Le sourire de Fatma Hassona

Cinéma. En avril 2024, la réalisatrice iranienne Sepideh Farsi ne parvient pas à se rendre à Rafah. Refoulée à la frontière, elle pense devoir faire une croix sur son projet de documenter en images la vie des Palestiniens sous l’occupation israélienne. Pourtant, quelque temps plus tard, elle entre en contact avec la photojournaliste Fatma Hassona. Le projet prend alors une tout autre dimension : Sepideh Farsi filme ce qui l’entoure – des écrans de télévision, les écrans sur lesquels apparaît Fatma -, et la photojournaliste filme son quotidien. Mises bout à bout, ces scènes forment le documentaire Put your soul on your hand and walk, sorti le 24 septembre dernier. Les deux femmes ne se rencontrent jamais, mais tandis qu’un lien se crée entre elles, une histoire commune s’écrit. « Elle m’a prêté ses yeux pour voir Gaza où elle résistait en documentant la guerre, et moi, je suis devenue un lien entre elle et le reste du monde”, résume la réalisatrice.

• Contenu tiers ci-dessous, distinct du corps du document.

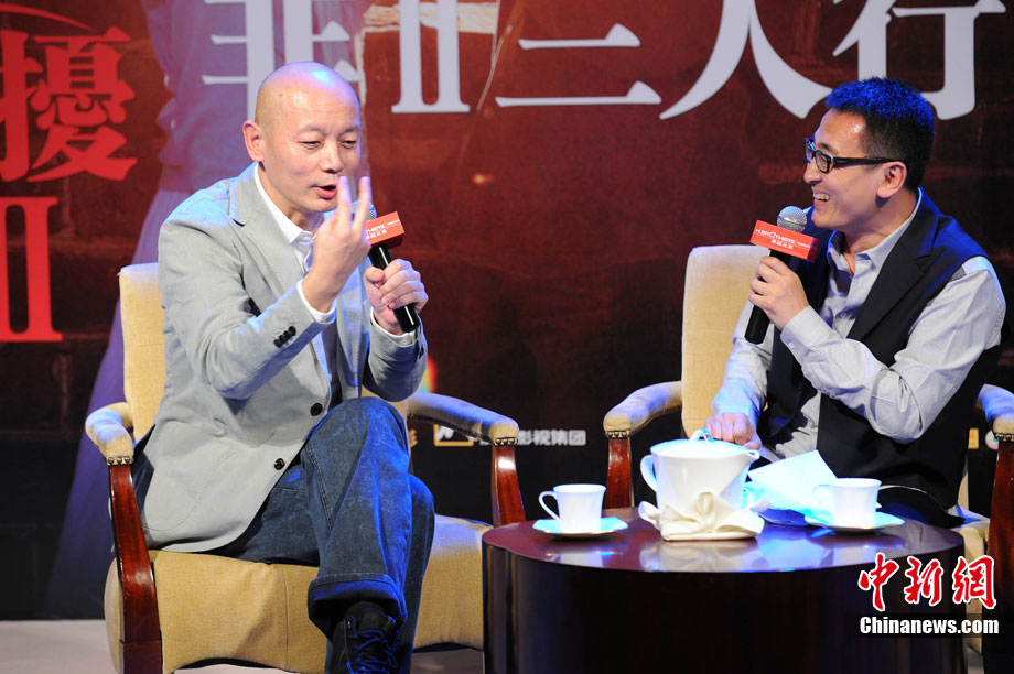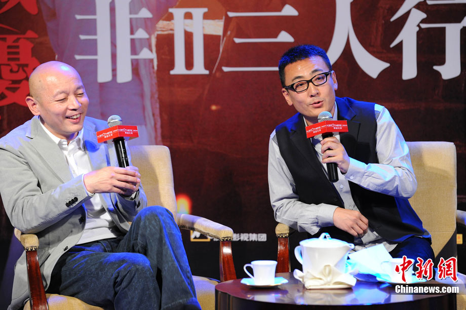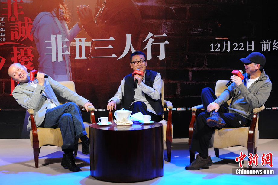 由華誼兄弟出品、馮小剛導(dǎo)演、王朔與馮小剛聯(lián)合編劇的《非誠勿擾2》將于12月22日賀歲上映。11月24日,《非誠勿擾2》舉行了“《非2》三人行”發(fā)布會,正式發(fā)布《非誠勿擾2》升級版幕后花絮,馮小剛、葛優(yōu)、竇文濤組成三人行搭檔。在竇文濤的幽默調(diào)侃下,葛優(yōu)馮小剛熱聊新戲,笑聲不斷。在當(dāng)場公布的升級篇幕后花絮中,秦奮和梁笑笑的親密戲也出露端倪,葛優(yōu)舒淇在美景中多次深情依偎,一場兩人在床上的鏡頭更令人期待。馮小剛承認(rèn),“是多了一些親密戲,但都是幽默的處理。”葛優(yōu)也謙虛表示,自己演親密戲其實(shí)并不拿手。中新社記者 李學(xué)仕 攝

Fatma Hassona a été assassinée, avec six membres de sa famille, lors d’une frappe israélienne sur sa maison le 16 avril 2025. Son sourire, digne et puissant, illumine le film.
Le 29 novembre à la Cinémathèque de Tanger, les 30 novembre et 2 décembre à l’Institut français de Rabat.
Ondes méditerranéennes
Festival. Du 4 au 7 décembre, l’Institut français de Casablanca accueille la deuxième édition d’Amwaj, festival dédié au podcast, à la création sonore et aux idées qui traversent la Méditerranée. Une cinquantaine d’intervenants venus du Maroc et de France investissent les lieux pour des tables rondes, écoutes collectives et performances live. Parmi les moments phares de la programmation, le grand reporter Omar Ouahmane, qui va décrypter les bouleversements au Moyen-Orient, tandis que l’artiste M’Barek Bouhchichi et la podcasteuse Nawal Benali vont interroger la présence des communautés noires en Afrique du Nord. L’amazighité résonnera à travers l’installation de Badr El Hammami et la rencontre explosive entre Tekchbila et Ahwach Bnat Louz, qui vont fusionner tradition et électronique expérimentale.
Du 4 au 7 décembre à l’Institut français de Casablanca.
Mille et une cordes

Concert. L’Orchestre philharmonique du Maroc propose une relecture audacieuse du Shéhérazade de Rimski-Korsakov, dans lequel l’Orient des contes rencontre un orchestre symphonique. Sous la direction de Wolfgang Doerner, cette partition mythique du 19e siècle s’enrichit des timbres du oud, du qanoun et du nay, instruments qui dialoguent avec les cordes occidentales pour recréer l’atmosphère des Mille et Une Nuits. Deux récitantes prêteront leur voix au personnage légendaire, insufflant en arabe l’émotion et la détermination de cette conteuse qui a sauvé sa vie grâce à son talent. Le concert sera clôturé avec La Valse de Ravel, virevoltante et mélancolique.
Du 2 au 7 décembre à Rabat, Casablanca et Tanger.
60 ans de chansons

Concert. Du haut de ses 83 ans, le chanteur Michel Fugain continue de se produire sur scène. Il revient à Casablanca avec un concert qui condense soixante ans de chansons et de rencontres avec son public. La vie, l’amour etc. est le nom de son 22e album studio, composé de dix chansons originales qui couronnent une carrière musicale entamée dans les années 1960. La scène, ça conserve !
Le 5 décembre au Megarama de Casablanca.
L’amour en trois épisodes

Cinéma. L’uZine reprend sa programmation ciné-débat avec une projection de la trilogie Before de Richard Linklater, acclamée par la critique, et considérée comme l’une des plus belles histoires d’amour du cinéma contemporain. Chaque opus a été tourné et réalisé à neuf années d’intervalle, le premier étant sorti en 1995. La projection sera suivie d’un débat animé par le duo derrière le podcast Movies b Darija.
Le 29 novembre à l’uZine, Casablanca.